Золотые обрезы книг в упоительных переплетах, с картинками, от которых щемило сердце, заводные колеса, над коими трудился Андрюша, янтари и искусственная бирюза бус. Куклы! Этот бич наш с Марусей — куклы, в которые мы не умели играть и которые дарились педагогически, каждый год. В них ценились нами одни глаза — за их завороженность взгляда, — но когда мы их, в укромный момент и в укромном углу, отодрав парик, из головы вынимали — завороженность глаз угасала, сразу, и мы немножечко презирали их и немножечко их боялись.

Близко держа к близоруким глазам новую книгу, Муся уже читала ее, в забвении всего окружающего, поглощая орехи, когда с елки, вспыхнув огненной гибелью нитки, упал синий шар! Его легкая скорлупка, сияющая голубым блеском, распалась на куски таким серебристым каскадом, точно никогда не была синей и никогда не была — шар. Наш горестный крик и вскрик старших, кинувшихся нас оттащить от осколков. Капали догоравшие свечи… Теплый воск, тлевшие иглы елочных веток…

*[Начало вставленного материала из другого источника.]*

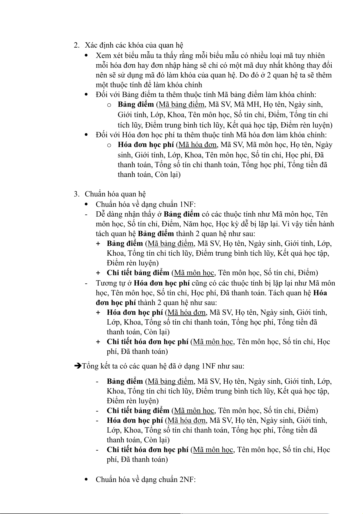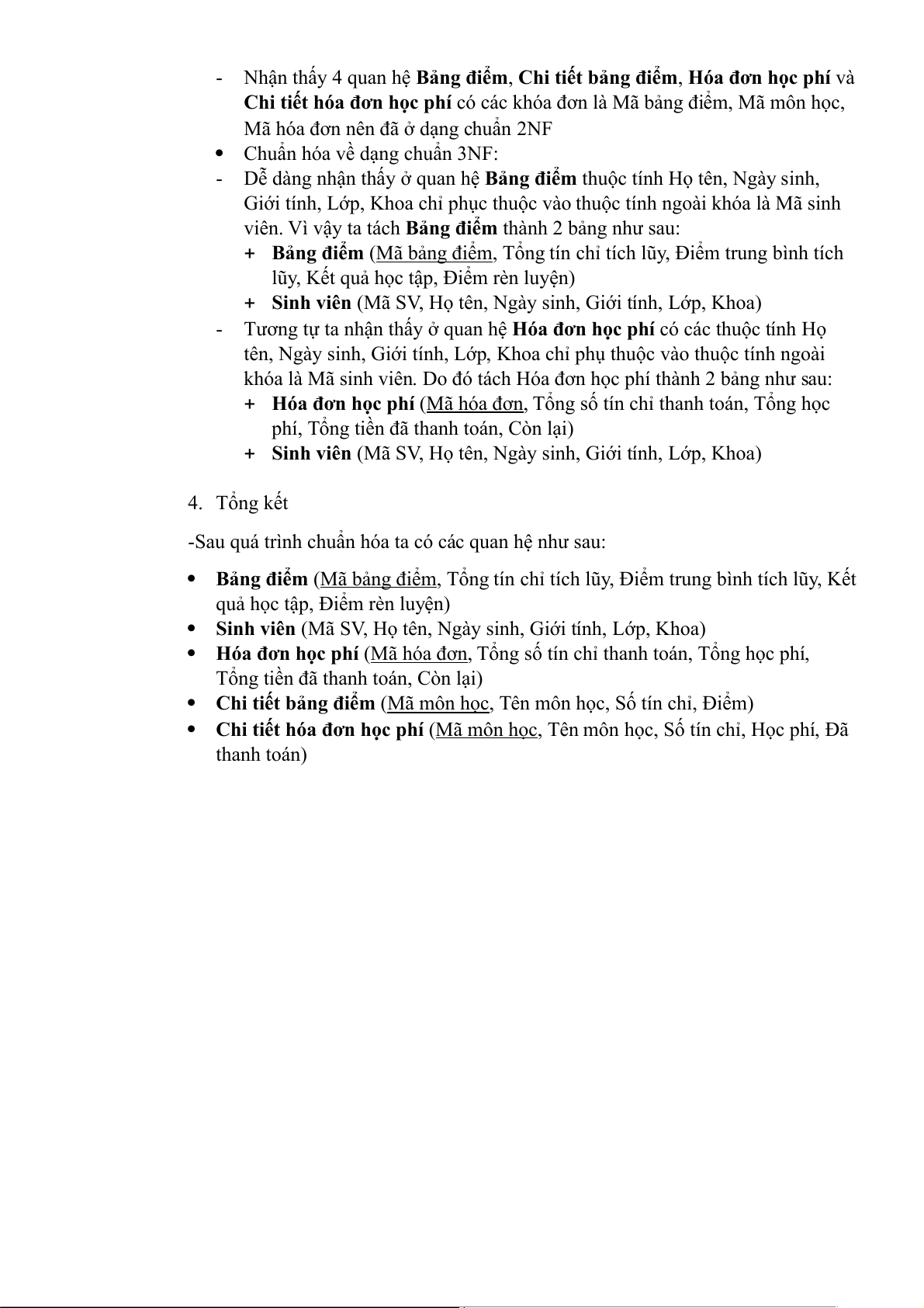 thanh toán, Tổng số tín chỉ thanh toán, Tổng học phí, Tổng tiền đã thanh toán, Còn lại) 3. Chuẩn hóa quan hệ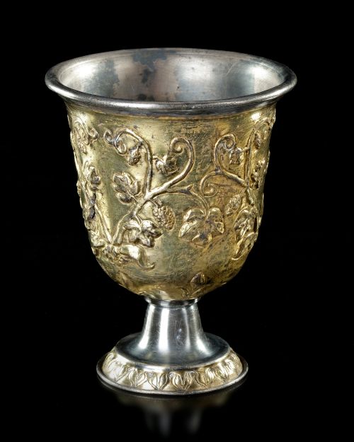 A PARCEL GILT SILVER PEDESTAL CUP, 4TH CENTURY AD
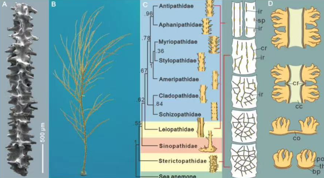 作为黑珊瑚目唯一的化石科,中华黑珊瑚科仅在我国湖北早奥陶世地层被发现。由于表面特征与现生黑珊瑚的差异巨大,其是否能够归属为黑珊瑚目,一直存在较大争议。“通过高分辨率显微CT技术,我们首次完整重建了黑珊瑚化石的三维内部结构,为确认其分类地位提供了关键证据。”beat365唯一官网博士生郝文静介绍,新发现的2个中奥陶世的黑珊瑚化石种,在演化上属于早奥陶世黑珊瑚化石与现代黑珊瑚之间的过渡形态类型,确认了硬黑珊瑚科属于黑珊瑚目。
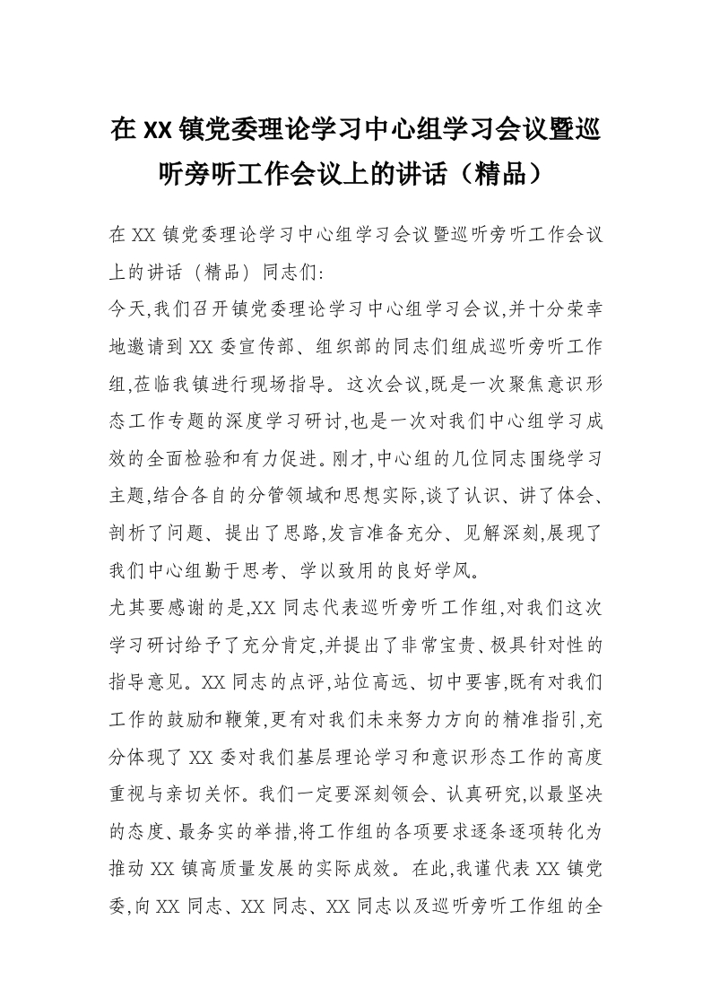 首页讲课讲稿在XX镇党委理论学习中心组学习会议暨巡听旁听工作会议上的讲话(精品)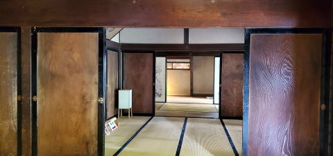 [上の写真は、日野本陣の土間から撮ったものです。一番手前が出務室で、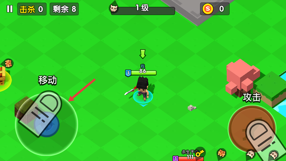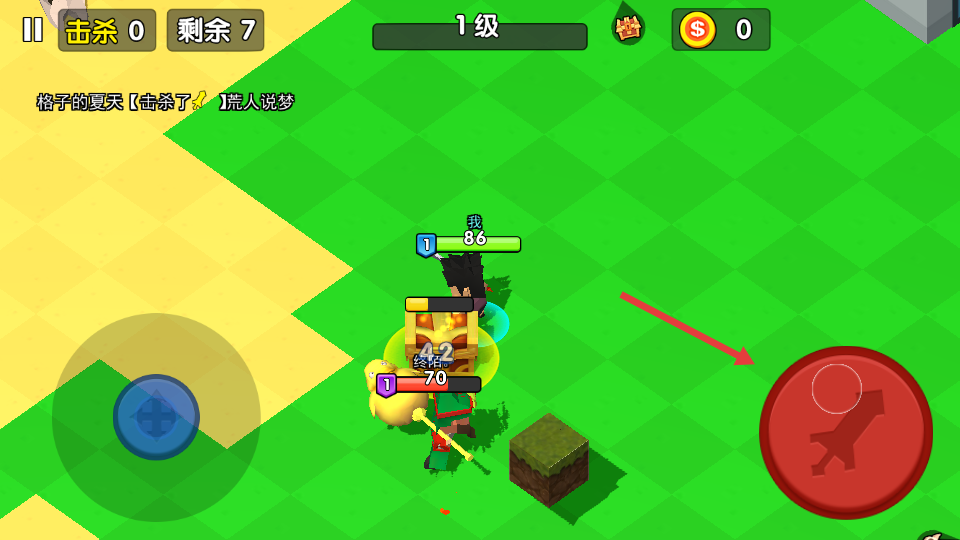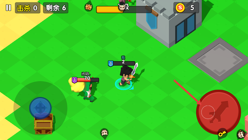 2、在乱斗中收集道具合成升级武器以增强实力击败所有敌人。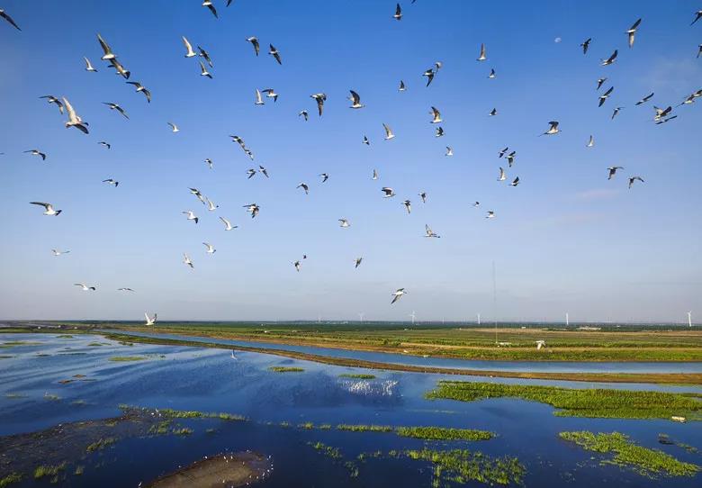 崇明東灘位于上海市崇明島的最東端,保護區面積為326平方公里,屬長江口典型的河口濕地。崇明東灘鳥類自然保護區記錄到的鳥類有265種,其中依賴濕地生活的水鳥140種,國家重點保護的34種;列入中日、中澳政府間候鳥及其棲息地保護協定的鷸類分別為156種和54種。遷徙季節在崇明東灘逗留的有8個涉禽的數量超過世界種群數量的1%,在中國大陸回收的澳大利亞環志的鳥類80%來自崇明東灘。
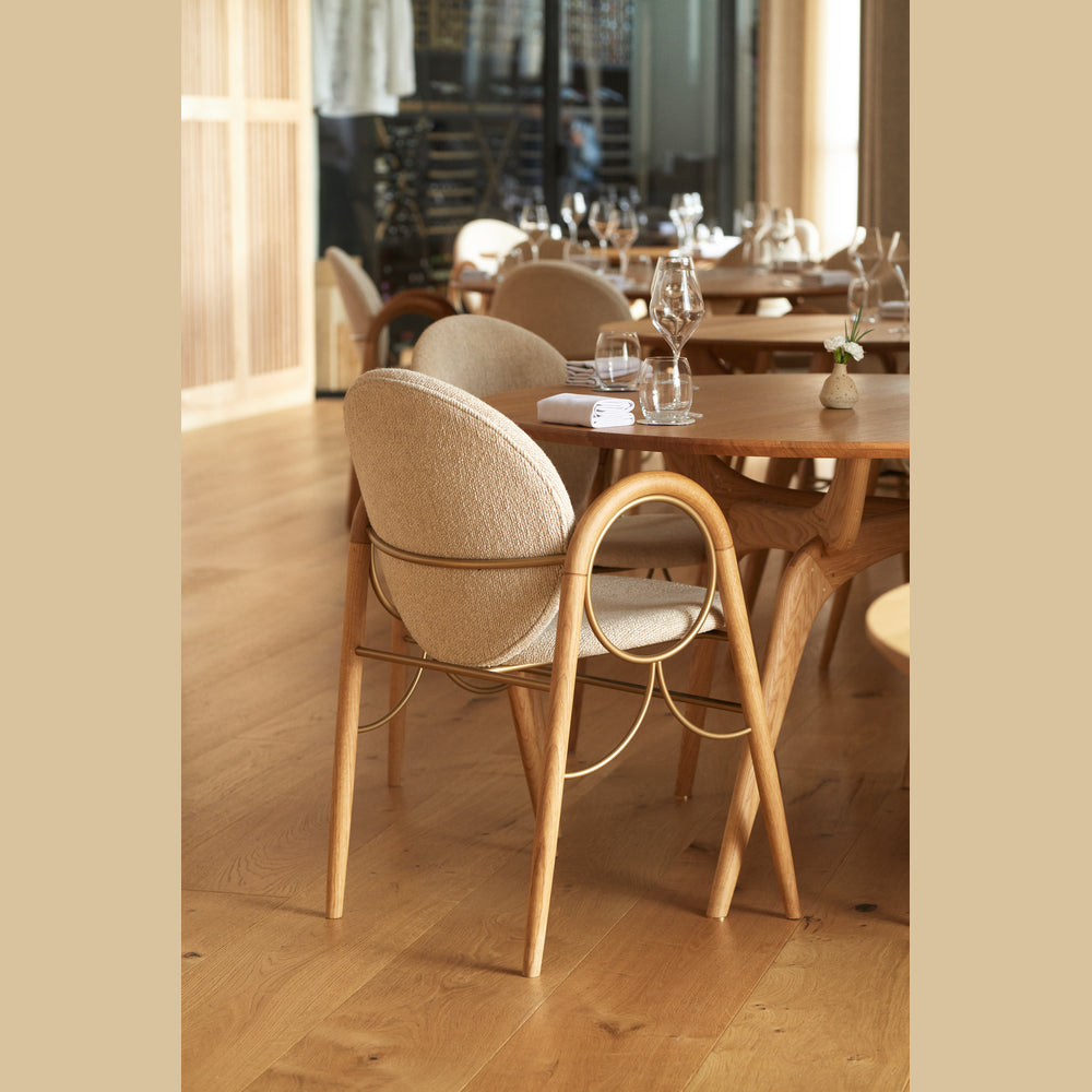 The Arkade Chair balances expressive character with a refined, architectural presence. Its distinctive arched backrest and softened geometric lines reflect a modern take on Danish design heritage, offering both sculptural appeal and functional comfort.
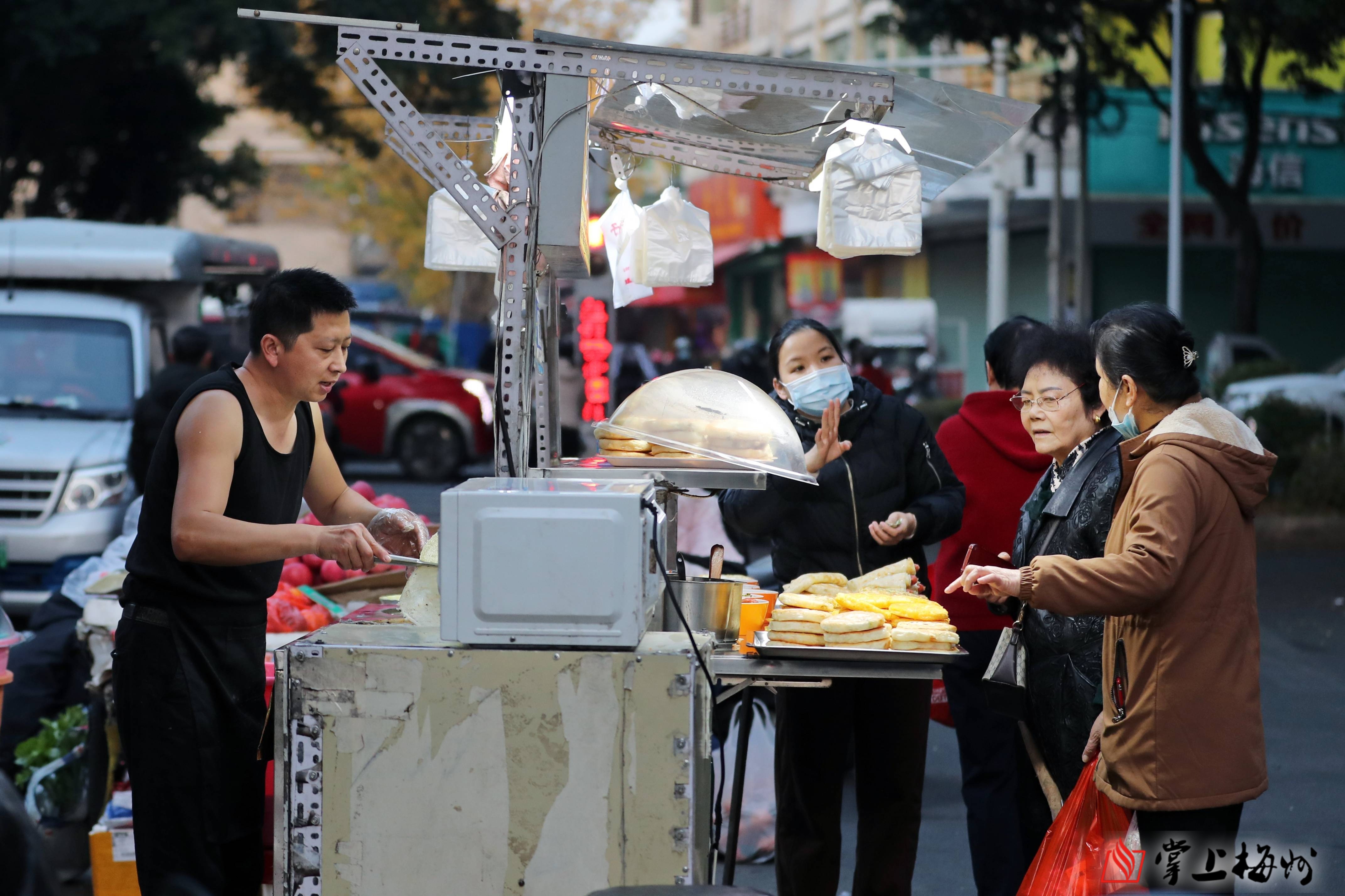天刚蒙蒙亮,市场边的煎饼摊已支了起来,穿着背心的小哥忙碌着,显得格外惹眼。

Я глядела вверх. Там, на тончайшей резьбе витой золотой ниточки качалась от ветерка свечки маленькая танцовщица, и папье-маше ее пышной юбочки было нежно, как лебяжий пух. Гигантская тень елки, упав на стену и сломавшись о потолок, где тускло горела Вифлеемская звезда, осеняла темневшую залу над последним мерцанием цепей, бус и шаров, спрятавшихся под мех веток. В догоравшем костре рождественской ночи под звездой, ее освещая, рдела искра малинового шара, под тьмой бархатных веток отражая огонь последней свечи. В широких объятиях Тьо под мамину улыбку мы пели песни.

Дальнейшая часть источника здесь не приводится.